● **Entries shown**
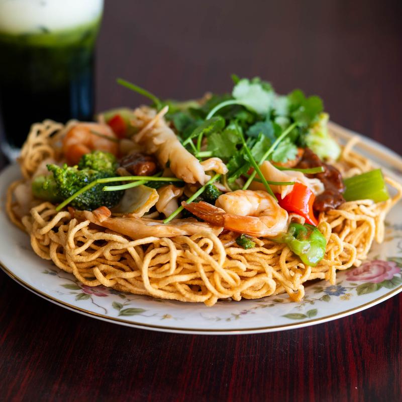Stir fried chicken, seafood with vegetables over crispy deep fried egg noodle
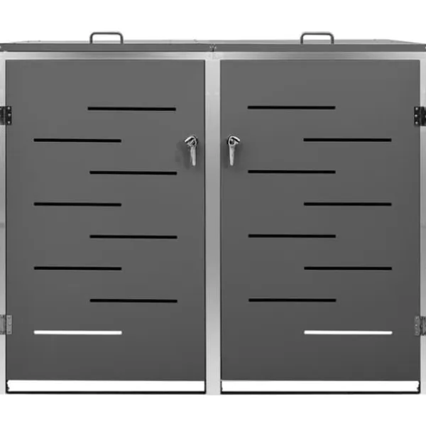 Dette skraldespandsskur er lavet af galvaniserede stålpaneler og et stel i rustfrit stål, hvilket gør det yderst robust og rustbeskyttet. Det hullede design tillader luftcirkulation og forebygger dårlige lugte i skraldespandsskjuleren. Låsesystemet garanterer sikker opbevaring af skraldet. Ydermere gør det praktiske låg og fjedre det nemt at smide skrald ud i skraldespanden og tømme den igen.
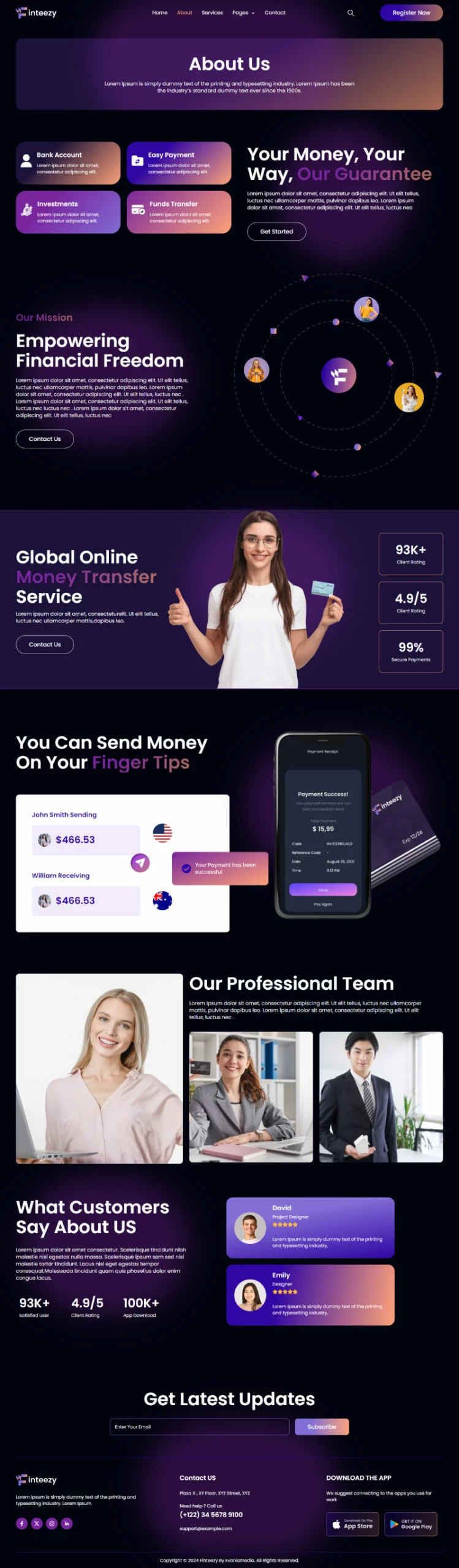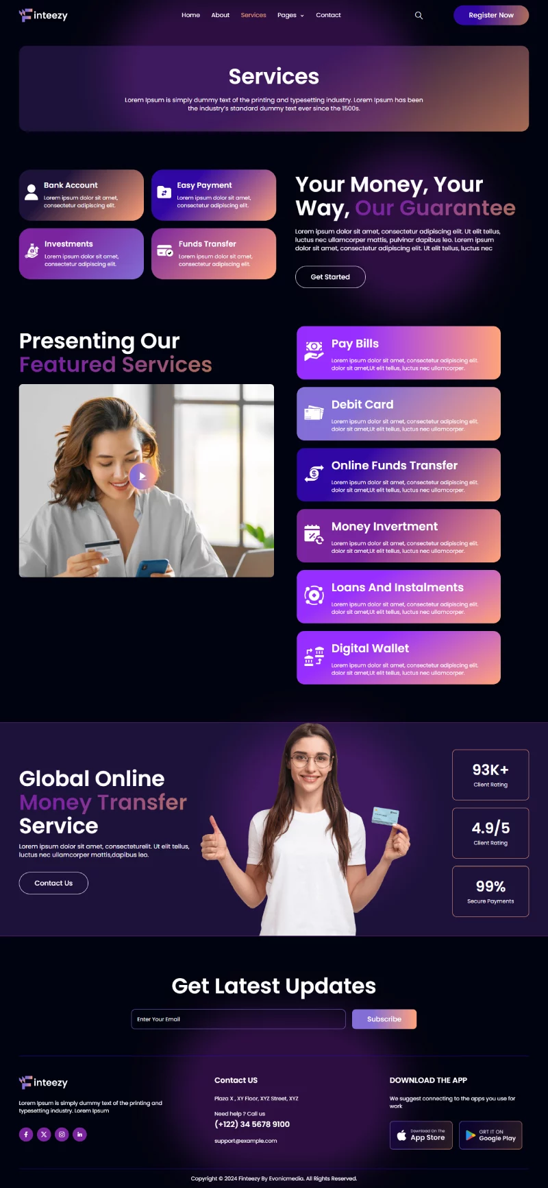 با استفاده از کیت قالب المنتور فین تک و کیف پول دیجیتال Finteezy، پلتفرم پرداخت خود را با طراحیهای حرفهای و عملکرد بهروز به سطح بالاتری ببرید. آماده شوید تا با یک راهحل پرداخت آنلاین تمیز، کارآمد و زیبا، کاربران خود را تحت تأثیر قرار دهید.
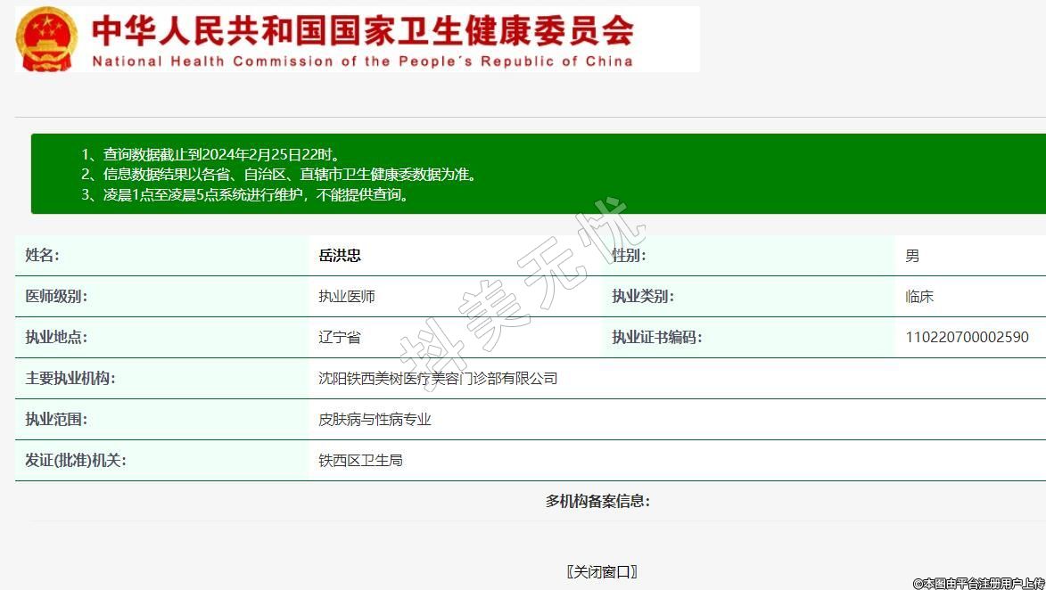 主要執(zhí)業(yè)機構(gòu):沈陽鐵西美樹醫(yī)療美容門診部有限公司
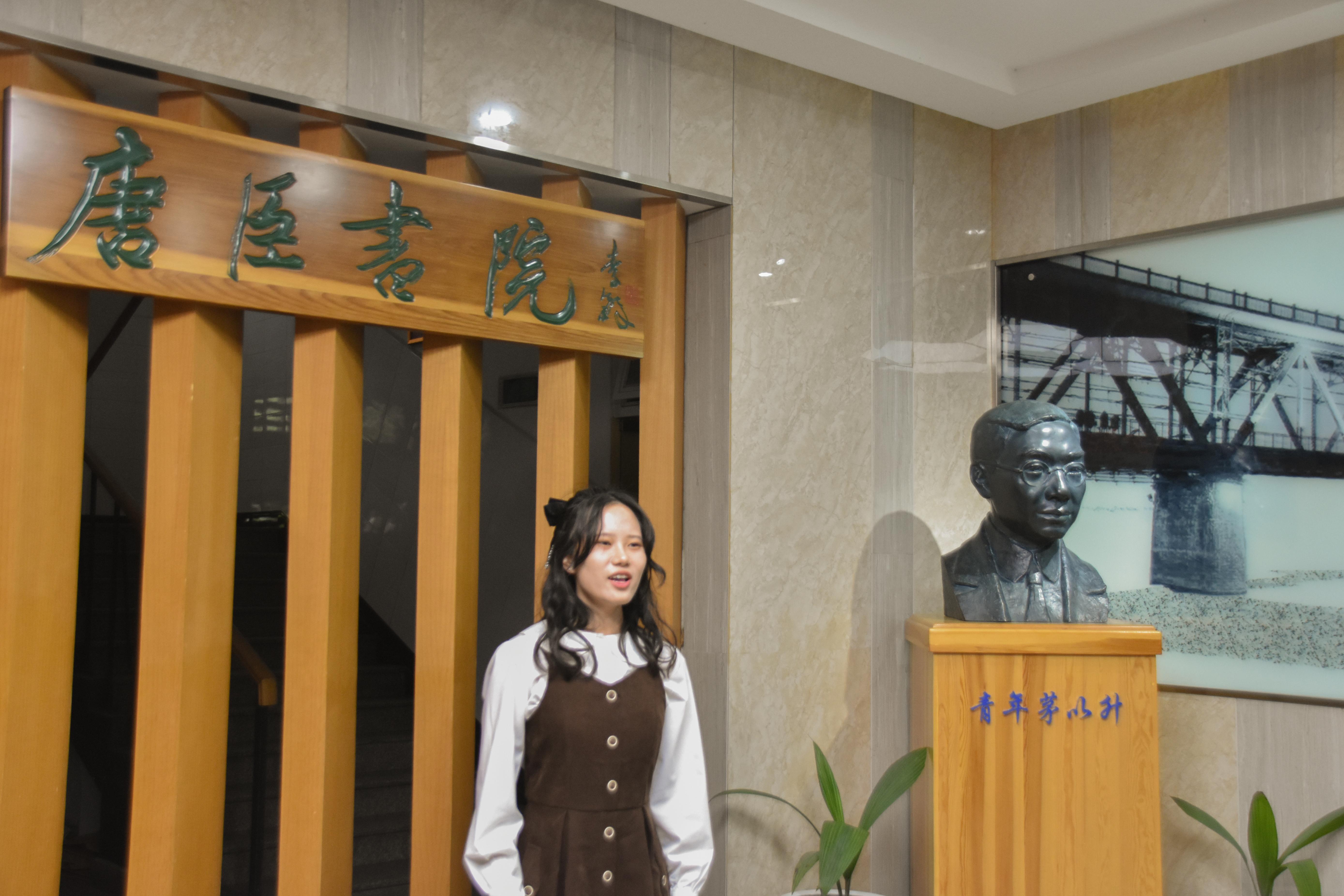 崔永康同学为大家朗诵诗作《七绝三首——别钱塘》,诗作者为茅以升老先生。我们熟知的“五行缺火真来火,不复原桥不丈夫”亦出自于此。茅老以激昂的笔调、阔大的笔法写下此篇,寄予自己浓烈的情感,读来令人震撼。“突破难关八十一,惊涛投险学唐僧”将茅老母亲曾言“唐臣造桥,八十一难”与相传唐僧取经八十一难相结合;“五行缺火真来火,不复原桥不丈夫”将“钱塘江桥”四字偏旁五行缺“火”与 1937年为阻日军不惜炸桥相系,“火”真来了,桥却断了……在崔永康同学声情并茂的朗诵中,我们仿佛置身历史之中,体会茅老的万千思绪。
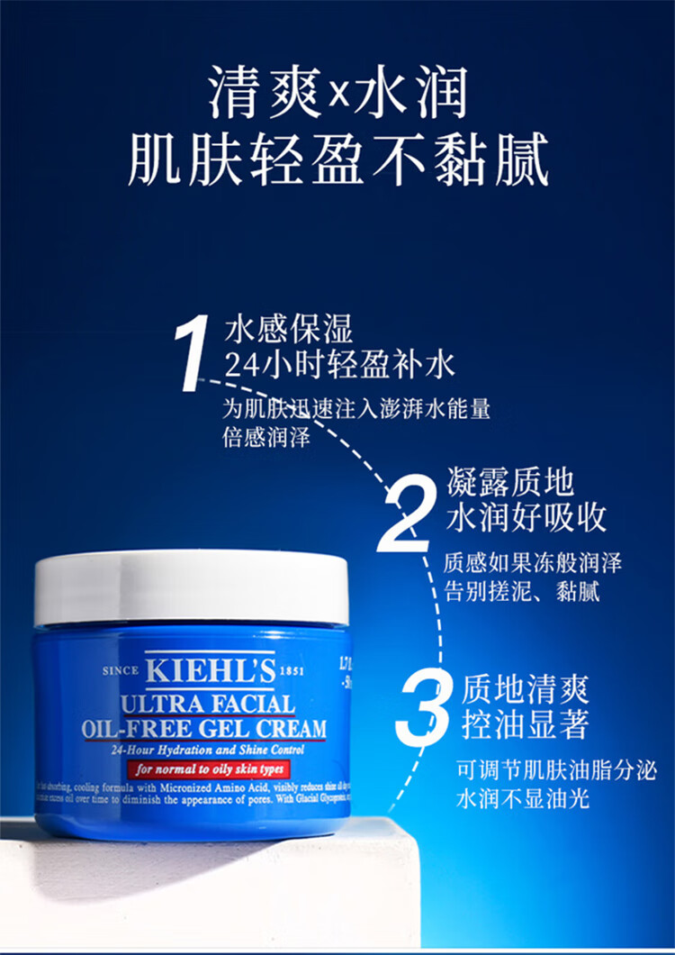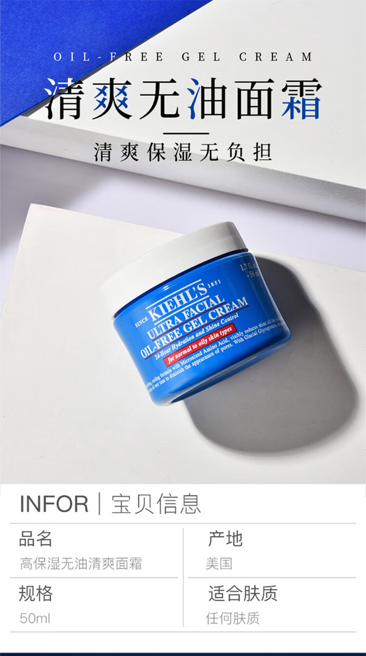 科颜氏(Kiehl's)高保湿面霜50ml清爽控油保湿混油皮推荐男女原装生日礼物
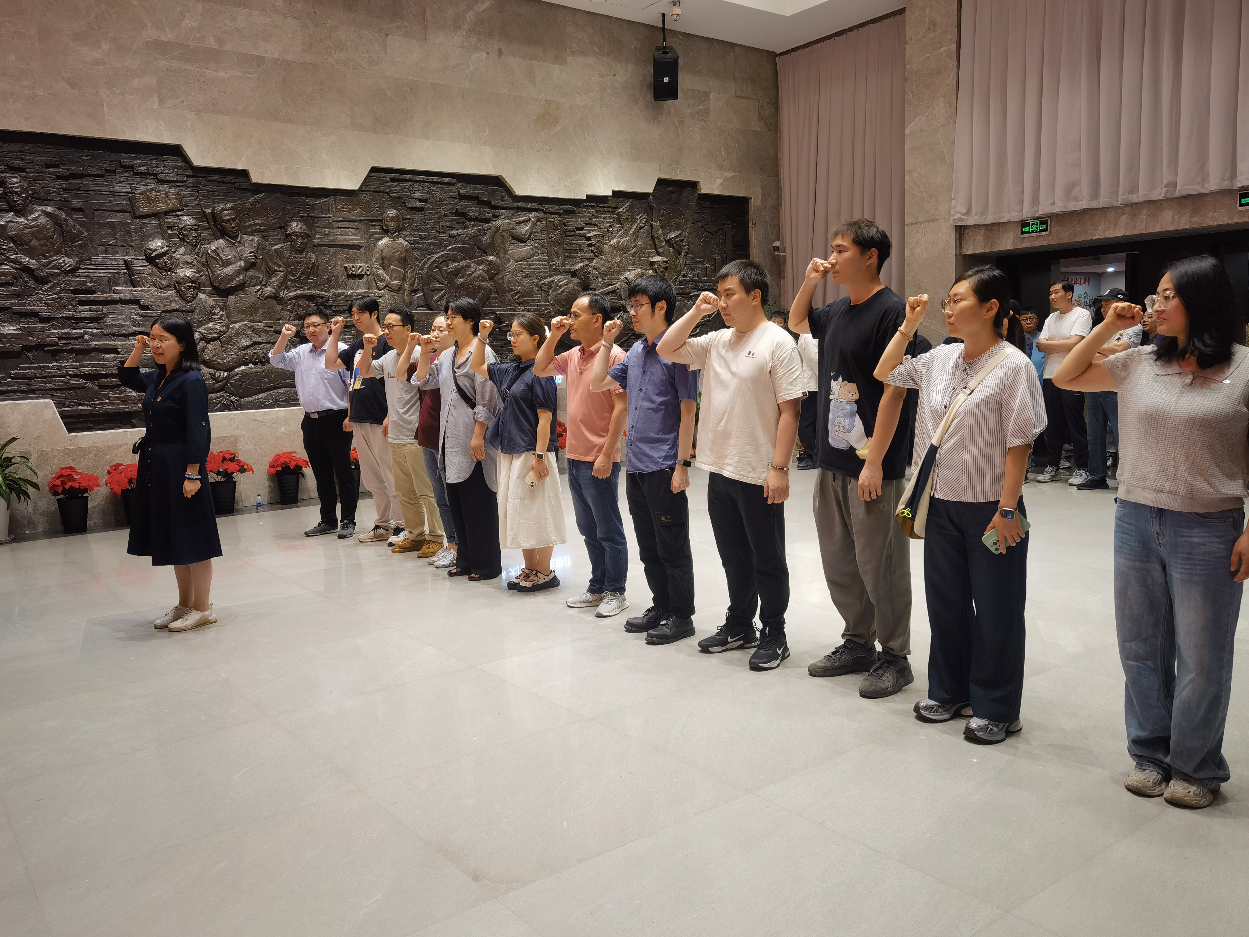 在庄严肃穆的中共四大纪念馆宣誓大厅,全体党员庄严举起右拳,重温入党誓词。铿锵有力的誓言回荡在纪念馆中,表达了党员同志们对党的无限忠诚和为共产主义事业奋斗终身的坚定信念。随后,党员们依次参观了“时局与形势”“筹备与召开”“发展与高潮”三大主题展区,系统学习了中共四大召开的时代背景、主要成果及其在党的历史上的重要地位,深刻感悟早期共产党人探索中国革命道路的艰辛历程与伟大建党精神。

● **Task directions**
From the line containing "崔永康同学为大家朗诵诗作《七" through the end of the entries, quote each line exactly and nothing else, excluding all pictures.

● **Answer box**
 崔永康同学为大家朗诵诗作《七绝三首——别钱塘》,诗作者为茅以升老先生。我们熟知的“五行缺火真来火,不复原桥不丈夫”亦出自于此。茅老以激昂的笔调、阔大的笔法写下此篇,寄予自己浓烈的情感,读来令人震撼。“突破难关八十一,惊涛投险学唐僧”将茅老母亲曾言“唐臣造桥,八十一难”与相传唐僧取经八十一难相结合;“五行缺火真来火,不复原桥不丈夫”将“钱塘江桥”四字偏旁五行缺“火”与 1937年为阻日军不惜炸桥相系,“火”真来了,桥却断了……在崔永康同学声情并茂的朗诵中,我们仿佛置身历史之中,体会茅老的万千思绪。
 科颜氏(Kiehl's)高保湿面霜50ml清爽控油保湿混油皮推荐男女原装生日礼物
 在庄严肃穆的中共四大纪念馆宣誓大厅,全体党员庄严举起右拳,重温入党誓词。铿锵有力的誓言回荡在纪念馆中,表达了党员同志们对党的无限忠诚和为共产主义事业奋斗终身的坚定信念。随后,党员们依次参观了“时局与形势”“筹备与召开”“发展与高潮”三大主题展区,系统学习了中共四大召开的时代背景、主要成果及其在党的历史上的重要地位,深刻感悟早期共产党人探索中国革命道路的艰辛历程与伟大建党精神。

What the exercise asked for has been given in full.